The A-level grading fiasco in the UK led to public outrage over algorithmic bias. This is a well-established problem that data professionals have sought to address through making their algorithms more explainable. However, Dr Daan Kolkman argues that the emergence of a “critical audience” in the A-level grading fiasco poses a model for a more effective means of countering bias and intellectual lock-in in the development of algorithms.
Last week, hundreds of students in UK gathered in front of the Department for Education and chanted “f**k the algorithm”. Within days, their protests prompted officials to reverse course and throw out test scores that an algorithm had generated for students who never sat their exams due to the pandemic.
This incident has shone the media spotlight on the question of AI bias. However, previous cases of AI bias have already led to well-intentioned efforts by data scientists, statisticians, and machine learning experts to look beyond the technical and also consider the fairness, accountability, confidentiality, and transparency of their algorithms. What the A-level grading fiasco demonstrates is that this work may be misdirected. There is a key lesson to be learned from this algorithmic grading fiasco. A lesson that will only become more relevant as governments and organizations increasingly use automated systems to inform or make decisions: There can be no algorithmic accountability without a critical audience. By this, I mean that, unless it draws the attention of people who critically engage with it, technical and non-technical quality assurance of algorithms is a token gesture and will fail to have the desired effect.

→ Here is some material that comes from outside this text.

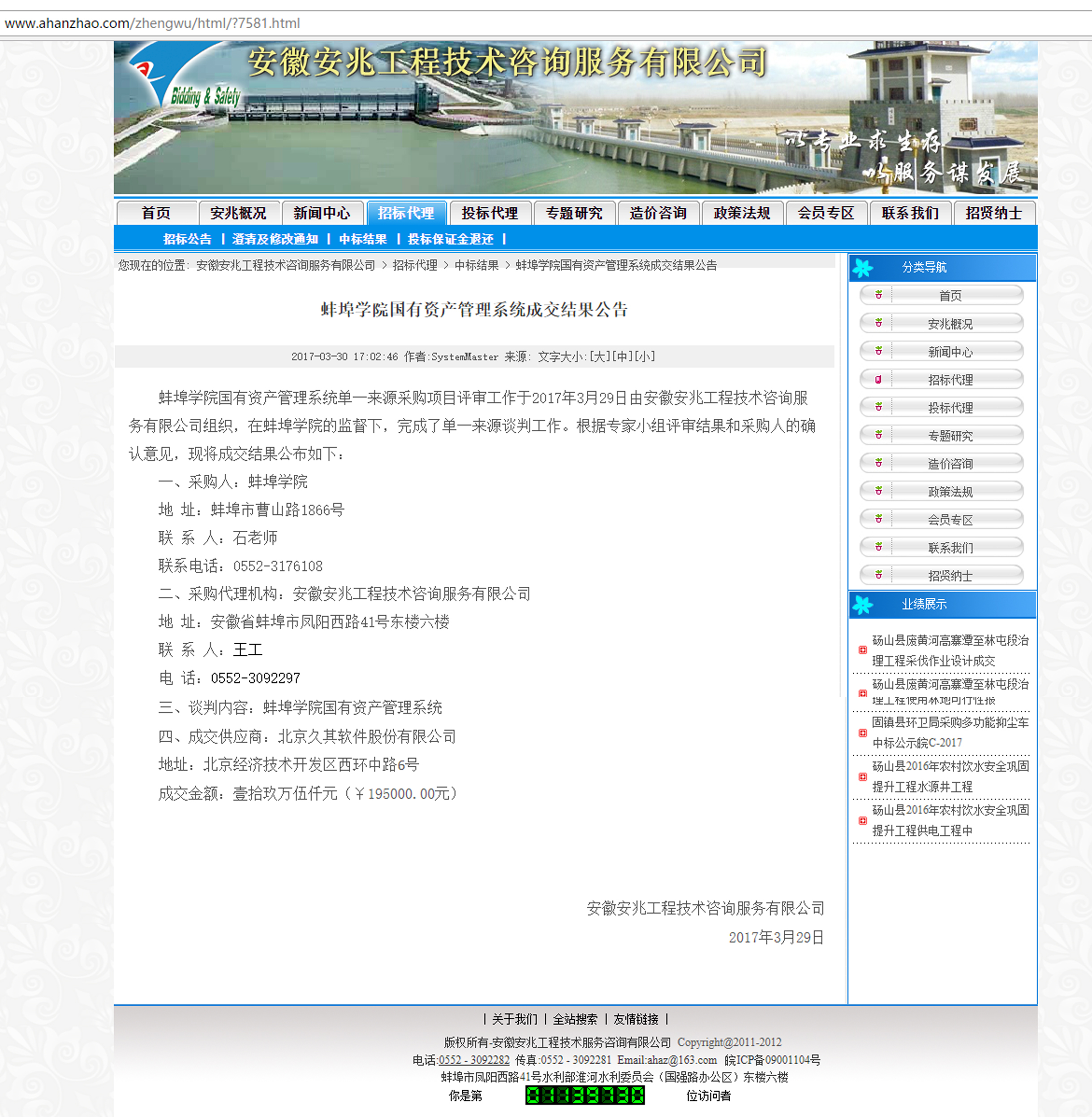 beat365在线体育官网登录入口国有资产管理系统单一来源采购项目评审工作于2017年3月29日由安徽安兆工程技术咨询服务有限公司组织,在beat365在线体育官网登录入口的监督下,完成了单一来源谈判工作。根据专家小组评审结果和采购人的确认意见,现将成交结果公布如下:一、采购人:beat365在线体育官网登录入口地址:蚌埠市曹山路1866号联系人:石老师联系电话:0552-3176108二、采购代理机构:安徽安兆工程技术咨询服务有限公司地址:安徽省蚌埠市凤阳西路41号东楼六

The UK’s A-level grading fiasco
For those who haven’t followed the story – two weeks ago, thousands of students in England and Wales received their “A-level” exam grades. Instead of scoring actual exams, however, grades were determined by an algorithm. Almost 40% of students received grades lower than they had anticipated, sparking public outcry and legal action. Faced with protests, the UK government retracted the grades. Students will now receive grades based on their teacher’s estimate of what their grade would have been, had the exams gone forward as planned.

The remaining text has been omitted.